### Directions for this task
Every line below from the one containing "中間的銀水晶平常時是霧狀的銀" to the final line must be reproduced exactly, and no other line may appear in the answer.

Records from a data collection:
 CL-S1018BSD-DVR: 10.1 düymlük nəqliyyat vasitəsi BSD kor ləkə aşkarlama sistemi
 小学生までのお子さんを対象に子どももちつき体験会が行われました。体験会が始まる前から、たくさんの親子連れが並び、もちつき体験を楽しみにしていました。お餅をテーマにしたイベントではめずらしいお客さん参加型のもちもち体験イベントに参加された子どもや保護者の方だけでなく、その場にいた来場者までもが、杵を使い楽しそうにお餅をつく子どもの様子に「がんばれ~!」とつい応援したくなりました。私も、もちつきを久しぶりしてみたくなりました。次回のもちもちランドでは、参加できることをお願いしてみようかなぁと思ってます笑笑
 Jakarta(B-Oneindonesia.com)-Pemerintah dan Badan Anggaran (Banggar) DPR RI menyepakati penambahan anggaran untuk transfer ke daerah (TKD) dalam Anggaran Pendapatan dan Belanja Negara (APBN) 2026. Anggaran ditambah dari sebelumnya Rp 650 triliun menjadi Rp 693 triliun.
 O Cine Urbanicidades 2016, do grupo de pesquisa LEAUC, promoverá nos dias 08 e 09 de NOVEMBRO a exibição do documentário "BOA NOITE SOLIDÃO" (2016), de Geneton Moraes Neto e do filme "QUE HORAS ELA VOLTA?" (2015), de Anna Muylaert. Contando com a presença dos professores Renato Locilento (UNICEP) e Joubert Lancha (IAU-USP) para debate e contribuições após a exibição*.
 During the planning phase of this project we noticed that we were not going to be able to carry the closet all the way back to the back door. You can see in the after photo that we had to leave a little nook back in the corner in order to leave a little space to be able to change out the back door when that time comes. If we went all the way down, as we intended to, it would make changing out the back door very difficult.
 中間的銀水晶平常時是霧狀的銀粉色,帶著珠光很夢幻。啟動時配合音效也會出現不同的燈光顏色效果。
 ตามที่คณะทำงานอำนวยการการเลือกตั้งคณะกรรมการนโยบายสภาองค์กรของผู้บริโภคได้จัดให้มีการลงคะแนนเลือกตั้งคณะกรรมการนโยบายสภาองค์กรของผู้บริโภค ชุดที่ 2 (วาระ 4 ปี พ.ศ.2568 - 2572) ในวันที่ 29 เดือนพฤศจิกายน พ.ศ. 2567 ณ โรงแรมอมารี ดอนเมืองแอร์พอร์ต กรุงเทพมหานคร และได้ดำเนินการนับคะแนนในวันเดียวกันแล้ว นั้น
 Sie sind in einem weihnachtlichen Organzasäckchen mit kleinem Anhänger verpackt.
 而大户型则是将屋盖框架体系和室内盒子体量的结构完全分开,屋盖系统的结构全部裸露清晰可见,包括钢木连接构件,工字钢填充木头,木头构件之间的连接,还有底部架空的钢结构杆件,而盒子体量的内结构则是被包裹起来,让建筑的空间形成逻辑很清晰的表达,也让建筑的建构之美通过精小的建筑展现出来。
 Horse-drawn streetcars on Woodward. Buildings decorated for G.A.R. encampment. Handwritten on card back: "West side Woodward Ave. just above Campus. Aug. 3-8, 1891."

### Final answer
 中間的銀水晶平常時是霧狀的銀粉色,帶著珠光很夢幻。啟動時配合音效也會出現不同的燈光顏色效果。
 ตามที่คณะทำงานอำนวยการการเลือกตั้งคณะกรรมการนโยบายสภาองค์กรของผู้บริโภคได้จัดให้มีการลงคะแนนเลือกตั้งคณะกรรมการนโยบายสภาองค์กรของผู้บริโภค ชุดที่ 2 (วาระ 4 ปี พ.ศ.2568 - 2572) ในวันที่ 29 เดือนพฤศจิกายน พ.ศ. 2567 ณ โรงแรมอมารี ดอนเมืองแอร์พอร์ต กรุงเทพมหานคร และได้ดำเนินการนับคะแนนในวันเดียวกันแล้ว นั้น
 Sie sind in einem weihnachtlichen Organzasäckchen mit kleinem Anhänger verpackt.
 而大户型则是将屋盖框架体系和室内盒子体量的结构完全分开,屋盖系统的结构全部裸露清晰可见,包括钢木连接构件,工字钢填充木头,木头构件之间的连接,还有底部架空的钢结构杆件,而盒子体量的内结构则是被包裹起来,让建筑的空间形成逻辑很清晰的表达,也让建筑的建构之美通过精小的建筑展现出来。
 Horse-drawn streetcars on Woodward. Buildings decorated for G.A.R. encampment. Handwritten on card back: "West side Woodward Ave. just above Campus. Aug. 3-8, 1891."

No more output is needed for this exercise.